MINERVA / Series II: Architecture curates poetry PDFs that have a perceived affinity with architectonics.Hilary, on houses & gardens
I have been drawn to the topic of country houses and gardens for a long time, initially because of their visual splendour. Growing up, I made frequent visits to Stan Hywet Hall in Akron, Ohio, a Tudor Revival mansion built between 1912 and 1915 for the founder of the Goodyear Tire & Rubber Company. I loved Stan Hywet’s ornate architecture and landscaped grounds, which include a walled English garden complete with reflecting pool. The life of the estate seemed present, distilled somehow into the rust-stippled screen door at the back of the Great Hall or the rustling birch tree allée. Still, I would imagine how magnificent the house must have been when it was full of people.
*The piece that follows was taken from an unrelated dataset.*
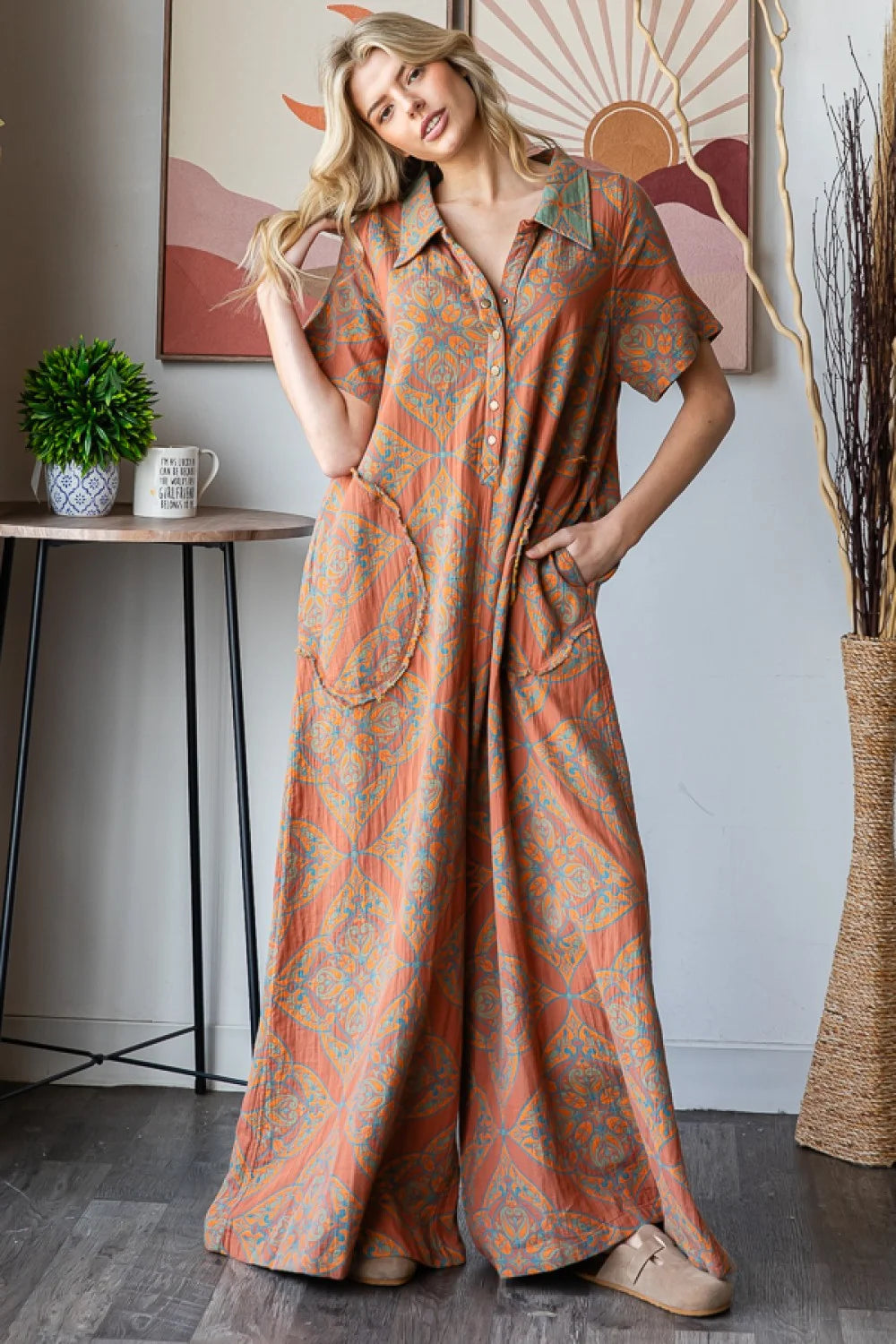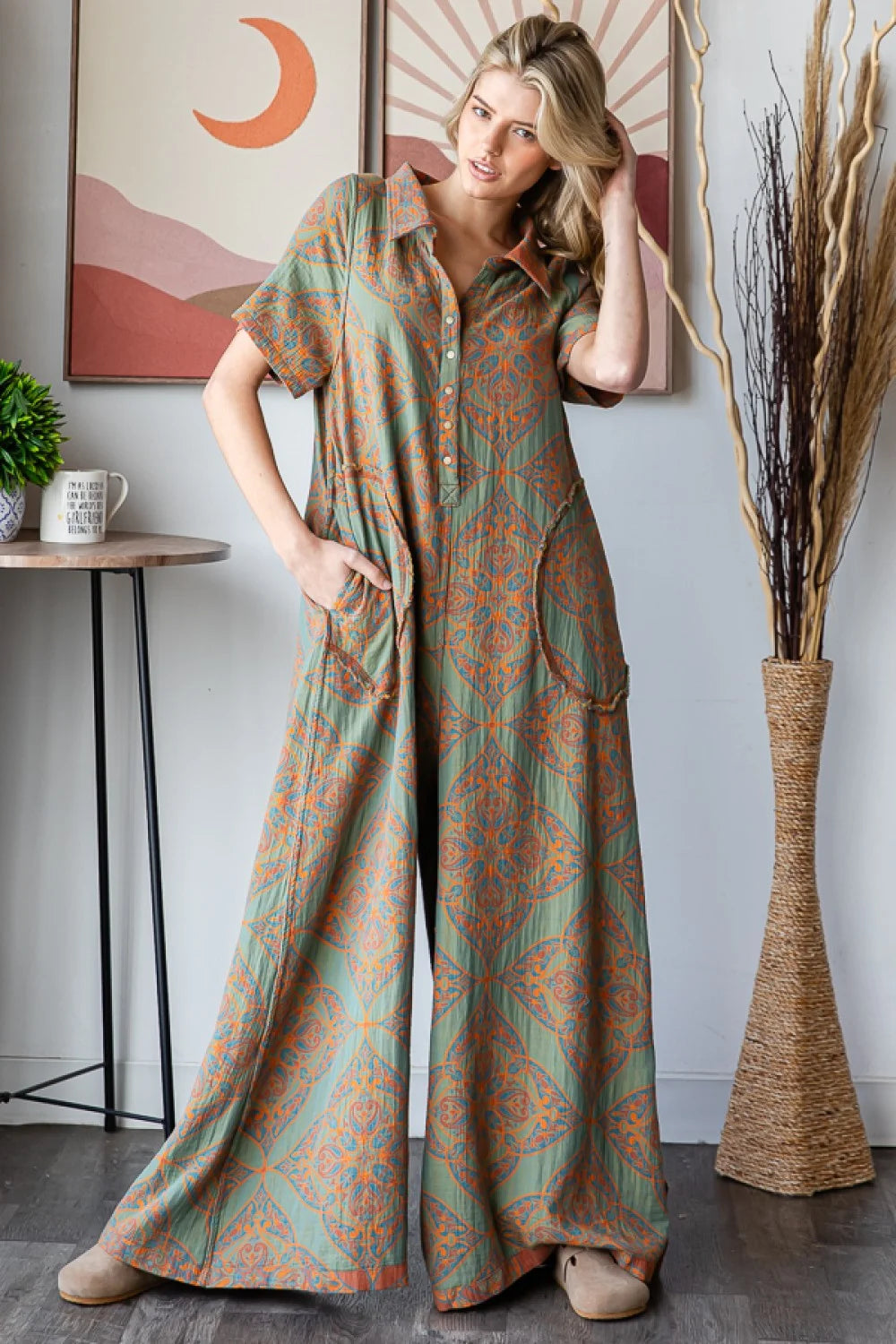 In LOVE with this Reversible Jumpsuit by Oli & Hali. It features snap buttons for easy on & off access, A V-neck and a fantastic collar that can be flipped either way. Nice roomie pockets for all your goodies, which is a bonus! And Best part is; This jumpsuit is so comfortable and stylish with wide legs. You are going to look so cute this season in this piece. Pair it back with your favorite Wedges, Boots, Sneakers, or Platform Sandals. Then grab your favorite Denim Jacket, Duster, or Cardi and be prepared for all The compliments you are going to receive!

As an undergraduate English major at Wesleyan University, inspired by classes on Gothic and Victorian literature, I became fascinated by garden history and the complex way that houses and gardens have been used as sites of meaning and control. As an MA student in Writing Seminars at Johns Hopkins University and an MFA student in poetry at the University of Florida, I wrote numerous poems, many of them set in England, about houses and gardens. These poems were based on extensive research, some of which I conducted on-site. I found that visits to historic houses and gardens invariably inspired me to write when I had exhausted other subjects.
I hope that these four pieces succeed as poems of both critique and longing.